You have to read this https://www.emule-security.org/news.php and use the filters from emule into torrent for the same purpose

[Vernoxvernax]

@ valerysvl Thank you very much. Even though this will probably hold off most threats, a feature to handle these peers automatically, is definitely needed.

[Jacco011]

You have to read this https://www.emule-security.org/news.php and use the filters from emule into torrent for the same purpose

Also this can be automated: https://github.com/DavidMoore/ipfilter

[zwei7]

I think it is India based on the flag. That 1 peer might be 1 centralised illegal ip box provider streaming a movie or TV shows to multiple Indians who bought their ip box. And the ip box provider is using your seeding ability so they don't have to run a server to stream the show to them and pay for it themselves.

[Vernoxvernax]

I think it is India based on the flag. That 1 peer might be 1 centralised illegal ip box provider streaming a movie or TV shows to multiple Indians who bought their ip box. And the ip box provider is using your seeding ability so they don't have to run a server to stream the show to them and pay for it themselves.

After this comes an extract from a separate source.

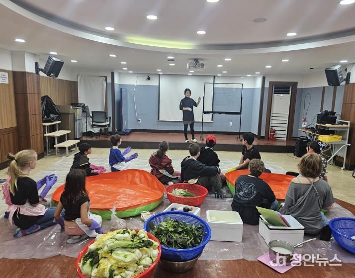 정안뉴스 안정주 기자 | (재)평택시청소년재단 팽성청소년문화의집은 지난 11일 미국 공군 자녀 청소년과 보호자 등 총 14명이 참여하여 ‘한국 전통음식 김장 체험 프로그램’을 성황리에 진행했다고 밝혔다.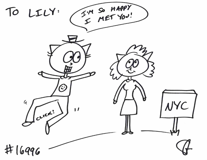 Cat #16996 Posted on June 3, 2014 Matt GIFTED a cat to Lily! He wanted a guy cat expressing how happy he is to have met a girl cat in New York City!

Judging by the content of the torrent, I can assure you, that this is 100% not the case. I am really confused, that there are so many people trying to come up with different conclusions for this phenomenon. After more than a year, my initial assumption, still seems to me as the most logical one. What's the problem with it?

P.S:

To anyone posting links to plugins/addons: I appreciate you trying to help me, but I think this* should be an integrated part of every modern torrent client and not managed by third-party tools. It's not a theme-pack. A feature to ignore finished clients, could help the entire community to save bandwidth resources (literally money); instead of one single advanced user that happened to come across such a plugin. I know I'm dreaming a little too big here, but it would be nice to at least have it as an optional feature.

[zwei7]

Maybe that person has a semi broken hard drive and is constantly redownloading that torrent on that broken sector. He sees torrent is 100% done, then performs a recheck and it goes back down to 50% and redownloads it from you for the umpteenth time. It would be interesting to see if he is downloading the same part (corrupted hard drive hypothesis) or is downloading the whole torrent indiscriminately (the I have no idea).

[aaronsql2019]

I just think that defining a 'Peer' as ONE ipv4 address is just a flawed friggin (sorry, I fixed that) concept. How many people use CGNAT? I'm not saying it explains away EVERYTHING. I'd just like to find out more about fingerprinting before dropping ANY connections.

I don't believe in blocking / banning ANYTHING, really.